Table 2: Number of Samples Required for DAG Construction

# Samples VBench↑ LPIPS↓ SSIM↑ PSNR↑
1 78.58 0.164 0.838 24.51
5 78.70 0.161 0.843 24.57
10 78.95 0.158 0.844 24.56
350 79.27 0.143 0.851 24.67

Strong results are obtained with as few as 1 sample (PSNR 24.51 vs. 24.67 with 350 samples), demonstrating the robustness of the static cache schedule.

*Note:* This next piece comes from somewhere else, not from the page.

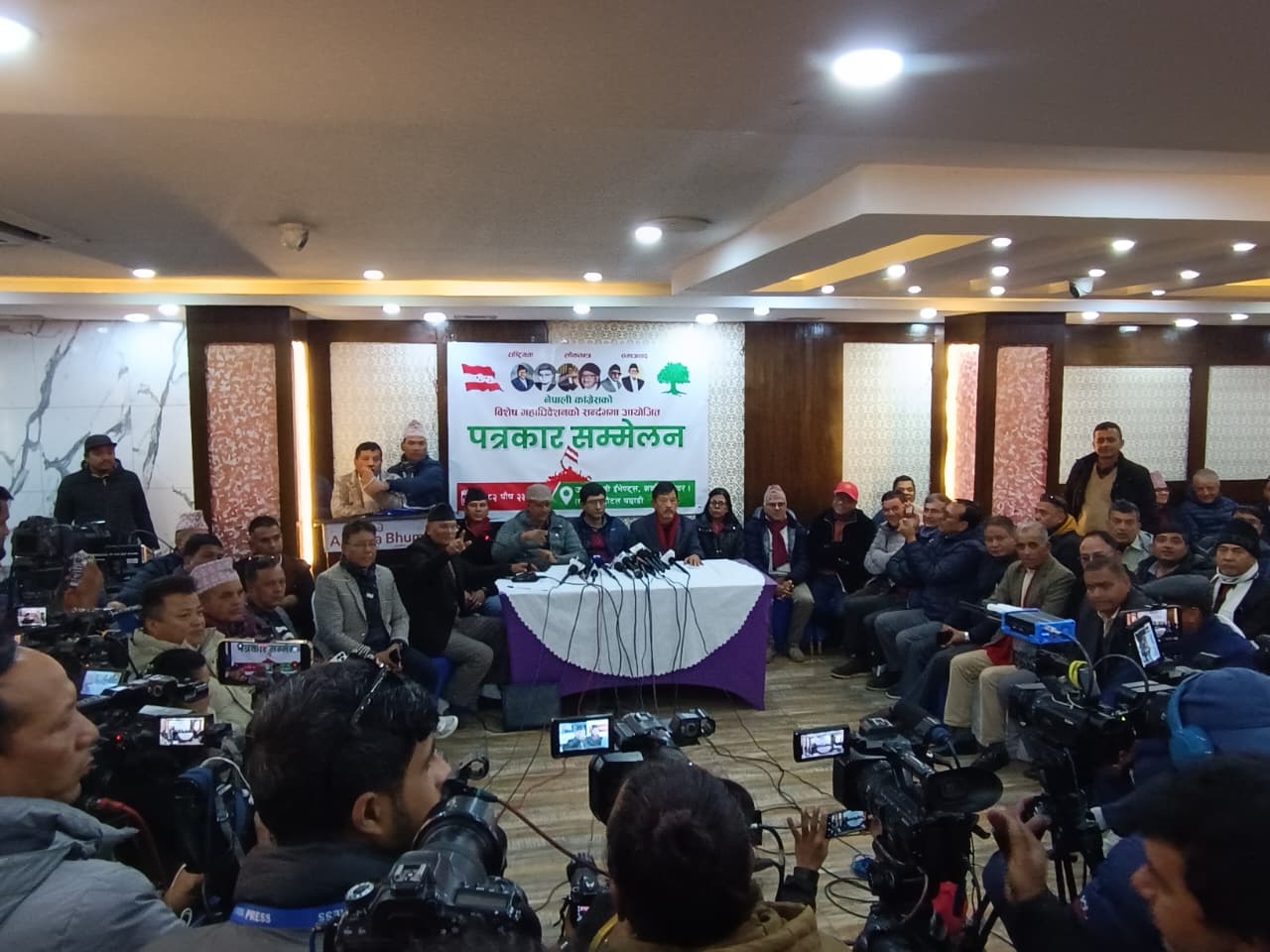 तर विशेष महाधिवेशन घोषणा गरिएको उक्त कार्यक्रममा पुस मसान्तभित्रै विशेष महाधिवेशन गरिने भन्दै आएका महामन्त्रीद्वय थापा र शर्मा, सहमहामन्त्री मन्सुर तथा कार्यसम्पादन समिति सदस्य अर्जुननरसिंह केसी र जीवन परियार (रेग्मी) उपस्थित देखिएनन्।

Table 3: Ablation on Path Strategy

Path Strategy VBench↑ LPIPS↓ SSIM↑ PSNR↑
Shortest Path 76.04 0.203 0.809 22.90
Minimax Path 79.27 0.143 0.851 24.67

The minimax path comprehensively outperforms the shortest path, validating the core argument that controlling peak error is more important than minimizing accumulated error.

Trajectory Robustness

Varying the scale parameter of the sampling schedule (0.5–1.5), LeMiCa consistently achieves lower LPIPS than TeaCache across all trajectories, demonstrating effectiveness under diverse denoising paths.

Highlights & Insights

  • Novel theoretical perspective: Formalizing cache scheduling as a lexicographic minimax path problem on a DAG introduces a new optimization paradigm for diffusion acceleration.
  • Global error control: The global result-aware error eliminates the influence of temporal heterogeneity, while lexicographic minimax explicitly constrains worst-case degradation.
  • Minimal perceptual degradation: LPIPS of 0.05 on Open-Sora and 0.023 on CogVideoX represent near-lossless acceleration.
  • Zero additional runtime overhead: Cache schedules are fully precomputed offline and applied via direct lookup at inference time.

Limitations & Future Work

  • Offline DAG construction cost: Building the graph requires full denoising trajectories evaluated across multiple prompts, incurring a non-trivial one-time computational cost.
  • Fixed sampling path assumption: The assumption that denoising trajectories are stable for a trained model may not hold under certain adaptive schedulers.
  • Evaluated only on text-to-video: The method has not been validated on image-to-video generation, video editing, or other related tasks.
  • Maximum skip length requires manual tuning: The setting is heuristic-based, and no automatic determination procedure is provided.
  • Diffusion acceleration (DDIM [Song+ 2020], consistency distillation [Song+ 2023], adversarial distillation [Sauer+ 2024]): These methods require training; LeMiCa is training-free.
  • Diffusion caching (DeepCache [Ma+ 2023], PAB [Zhao+ 2024], TeaCache [Liu+ 2024]): Based on local greedy strategies; LeMiCa proposes a global optimization alternative.
  • Δ-DiT [Chen+ 2024], T-GATE [Zhang+ 2024]: Image generation acceleration methods with limited effectiveness when extended to video.

Rating

  • Novelty: ⭐⭐⭐⭐⭐ — Lexicographic minimax path optimization represents a genuinely new perspective in the diffusion caching literature.
  • Experimental Thoroughness: ⭐⭐⭐⭐ — Three models, multiple ablations, sample efficiency analysis, and trajectory robustness evaluation.
  • Writing Quality: ⭐⭐⭐⭐ — The analysis of local vs. global error is thorough and the figures are clear.
  • Value: ⭐⭐⭐⭐⭐ — Provides a strong training-free acceleration baseline for diffusion-based video generation.